• What this task involves: Since the records include pictures, leave those out while you reproduce exactly and only the lines from the one containing "ChicMe Guipure Lace" through the one containing "A Victorian silver", inclusive.
[Opening Data extracts section]
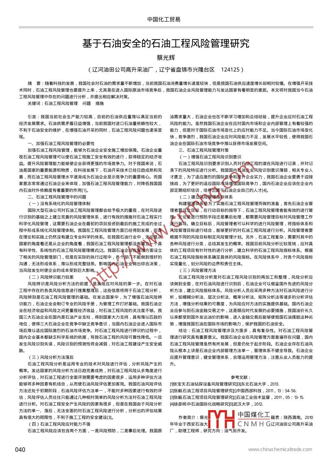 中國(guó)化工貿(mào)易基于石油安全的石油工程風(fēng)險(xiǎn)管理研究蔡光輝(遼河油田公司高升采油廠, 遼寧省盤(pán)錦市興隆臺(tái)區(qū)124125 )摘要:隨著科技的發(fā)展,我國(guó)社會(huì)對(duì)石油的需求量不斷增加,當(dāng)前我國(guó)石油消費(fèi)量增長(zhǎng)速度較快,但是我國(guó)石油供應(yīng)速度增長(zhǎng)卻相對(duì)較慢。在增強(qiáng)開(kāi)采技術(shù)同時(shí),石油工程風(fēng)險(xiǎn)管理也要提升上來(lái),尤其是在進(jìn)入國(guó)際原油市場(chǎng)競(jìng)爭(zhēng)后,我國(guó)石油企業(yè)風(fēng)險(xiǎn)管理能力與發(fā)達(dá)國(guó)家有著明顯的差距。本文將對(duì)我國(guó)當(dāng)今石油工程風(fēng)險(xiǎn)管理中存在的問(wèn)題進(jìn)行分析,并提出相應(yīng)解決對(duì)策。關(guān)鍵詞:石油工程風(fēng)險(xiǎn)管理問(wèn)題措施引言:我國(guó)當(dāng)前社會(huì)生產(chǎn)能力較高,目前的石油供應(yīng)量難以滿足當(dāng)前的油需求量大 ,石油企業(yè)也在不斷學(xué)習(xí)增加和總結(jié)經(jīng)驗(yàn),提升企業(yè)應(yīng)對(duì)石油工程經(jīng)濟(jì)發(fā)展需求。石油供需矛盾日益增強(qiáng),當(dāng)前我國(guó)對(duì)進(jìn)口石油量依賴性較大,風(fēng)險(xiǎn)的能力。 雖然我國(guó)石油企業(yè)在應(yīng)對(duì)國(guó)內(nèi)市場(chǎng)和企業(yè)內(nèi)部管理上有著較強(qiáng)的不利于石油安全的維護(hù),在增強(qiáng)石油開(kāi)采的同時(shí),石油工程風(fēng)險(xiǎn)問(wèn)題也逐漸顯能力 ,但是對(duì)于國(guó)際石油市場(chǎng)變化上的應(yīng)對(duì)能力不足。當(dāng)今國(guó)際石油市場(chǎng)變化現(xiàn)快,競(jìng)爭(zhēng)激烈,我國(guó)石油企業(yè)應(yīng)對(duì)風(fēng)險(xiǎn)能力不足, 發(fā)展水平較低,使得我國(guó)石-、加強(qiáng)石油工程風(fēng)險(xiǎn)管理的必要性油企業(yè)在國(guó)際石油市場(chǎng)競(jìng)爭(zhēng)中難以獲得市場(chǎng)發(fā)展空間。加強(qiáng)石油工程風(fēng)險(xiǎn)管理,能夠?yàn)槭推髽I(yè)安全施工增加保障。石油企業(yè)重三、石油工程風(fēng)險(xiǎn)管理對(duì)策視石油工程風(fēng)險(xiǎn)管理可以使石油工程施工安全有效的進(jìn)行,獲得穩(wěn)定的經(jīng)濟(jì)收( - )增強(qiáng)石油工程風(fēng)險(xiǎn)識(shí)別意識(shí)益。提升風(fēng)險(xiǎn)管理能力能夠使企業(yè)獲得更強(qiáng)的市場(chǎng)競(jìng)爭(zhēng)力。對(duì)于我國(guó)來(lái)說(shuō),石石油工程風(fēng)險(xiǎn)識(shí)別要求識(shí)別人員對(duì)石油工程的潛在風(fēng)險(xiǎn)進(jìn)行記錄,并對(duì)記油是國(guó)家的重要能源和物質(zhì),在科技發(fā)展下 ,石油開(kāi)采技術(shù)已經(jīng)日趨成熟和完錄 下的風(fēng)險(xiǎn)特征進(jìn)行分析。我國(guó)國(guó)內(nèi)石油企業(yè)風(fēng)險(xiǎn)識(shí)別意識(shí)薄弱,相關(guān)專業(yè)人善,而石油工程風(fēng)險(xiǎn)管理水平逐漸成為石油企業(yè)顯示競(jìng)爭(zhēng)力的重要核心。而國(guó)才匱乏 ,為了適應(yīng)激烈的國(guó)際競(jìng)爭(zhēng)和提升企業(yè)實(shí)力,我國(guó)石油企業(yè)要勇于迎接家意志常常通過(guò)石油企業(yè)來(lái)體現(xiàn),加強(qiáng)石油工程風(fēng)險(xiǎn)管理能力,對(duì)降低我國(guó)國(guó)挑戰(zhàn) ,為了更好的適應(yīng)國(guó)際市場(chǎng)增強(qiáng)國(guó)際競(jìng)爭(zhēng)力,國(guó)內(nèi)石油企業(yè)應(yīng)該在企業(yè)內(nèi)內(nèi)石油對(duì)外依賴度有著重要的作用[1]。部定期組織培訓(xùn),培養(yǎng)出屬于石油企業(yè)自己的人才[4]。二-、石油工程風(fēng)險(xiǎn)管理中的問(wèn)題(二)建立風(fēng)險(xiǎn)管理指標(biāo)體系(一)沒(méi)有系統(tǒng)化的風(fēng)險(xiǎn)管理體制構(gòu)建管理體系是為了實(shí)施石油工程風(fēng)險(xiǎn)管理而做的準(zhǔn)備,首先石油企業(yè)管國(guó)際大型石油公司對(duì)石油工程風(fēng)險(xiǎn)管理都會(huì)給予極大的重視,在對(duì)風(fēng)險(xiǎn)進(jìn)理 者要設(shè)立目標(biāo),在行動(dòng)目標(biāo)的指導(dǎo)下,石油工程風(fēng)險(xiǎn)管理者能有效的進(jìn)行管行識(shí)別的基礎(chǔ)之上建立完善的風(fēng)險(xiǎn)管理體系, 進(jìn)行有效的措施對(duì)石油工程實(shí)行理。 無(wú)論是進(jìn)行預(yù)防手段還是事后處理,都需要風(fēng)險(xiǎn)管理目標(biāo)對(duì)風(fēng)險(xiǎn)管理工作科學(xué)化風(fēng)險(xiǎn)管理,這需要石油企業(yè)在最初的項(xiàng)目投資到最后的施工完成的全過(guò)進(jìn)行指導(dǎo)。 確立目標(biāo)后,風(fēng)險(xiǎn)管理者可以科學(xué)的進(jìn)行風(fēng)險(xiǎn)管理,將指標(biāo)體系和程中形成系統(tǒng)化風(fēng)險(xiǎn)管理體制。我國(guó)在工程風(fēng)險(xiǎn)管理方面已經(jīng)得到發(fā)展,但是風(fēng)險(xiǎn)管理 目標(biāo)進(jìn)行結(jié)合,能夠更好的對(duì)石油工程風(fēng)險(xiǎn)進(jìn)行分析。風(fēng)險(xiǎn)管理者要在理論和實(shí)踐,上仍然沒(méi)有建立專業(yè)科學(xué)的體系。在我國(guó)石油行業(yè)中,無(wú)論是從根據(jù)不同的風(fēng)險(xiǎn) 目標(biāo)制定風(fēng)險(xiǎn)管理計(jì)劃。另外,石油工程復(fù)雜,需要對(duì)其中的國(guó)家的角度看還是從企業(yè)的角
[Closing Data extracts section]
[Opening Data extracts section]
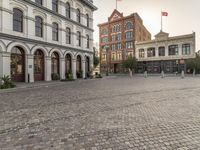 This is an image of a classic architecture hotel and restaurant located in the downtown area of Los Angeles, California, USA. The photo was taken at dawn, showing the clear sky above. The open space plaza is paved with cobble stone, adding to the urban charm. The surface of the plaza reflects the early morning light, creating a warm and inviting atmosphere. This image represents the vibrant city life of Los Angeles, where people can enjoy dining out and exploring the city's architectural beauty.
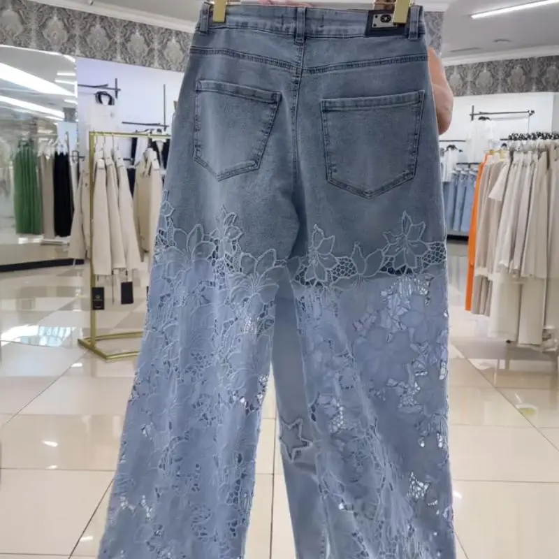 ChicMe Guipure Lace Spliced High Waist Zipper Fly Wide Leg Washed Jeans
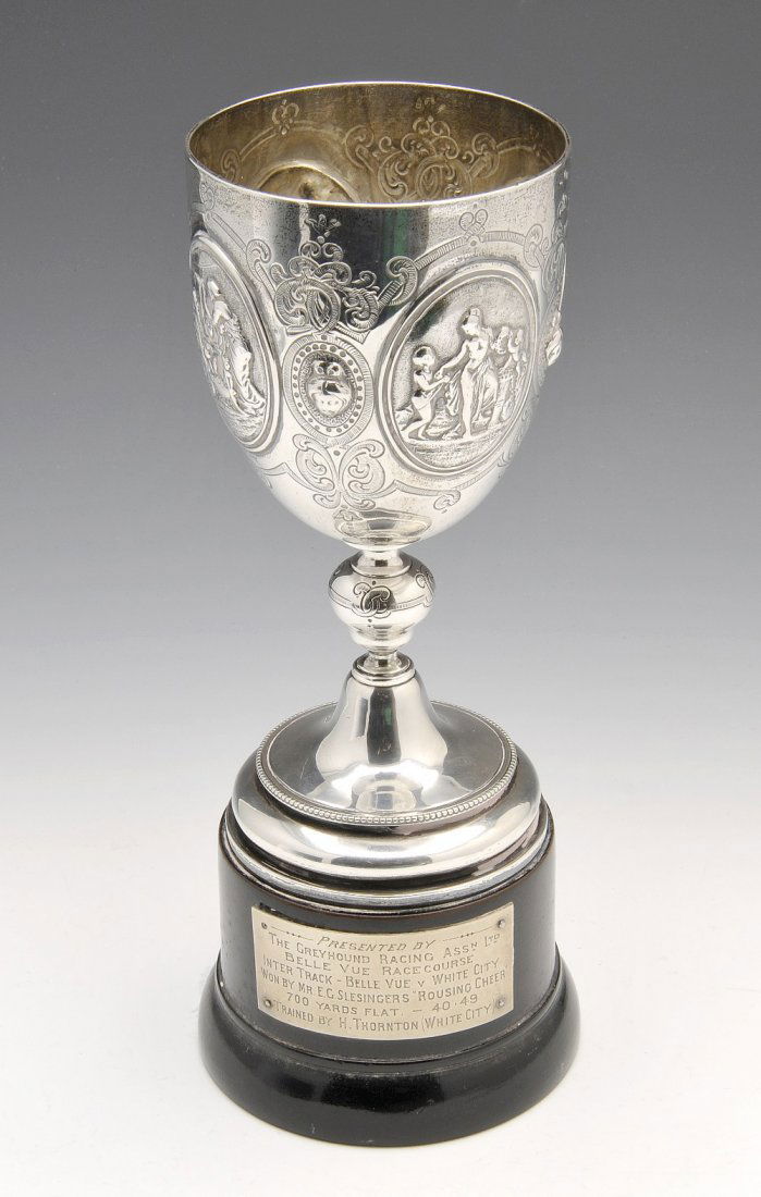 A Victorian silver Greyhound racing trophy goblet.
[Closing Data extracts section]
• Answer:
 ChicMe Guipure Lace Spliced High Waist Zipper Fly Wide Leg Washed Jeans
 A Victorian silver Greyhound racing trophy goblet.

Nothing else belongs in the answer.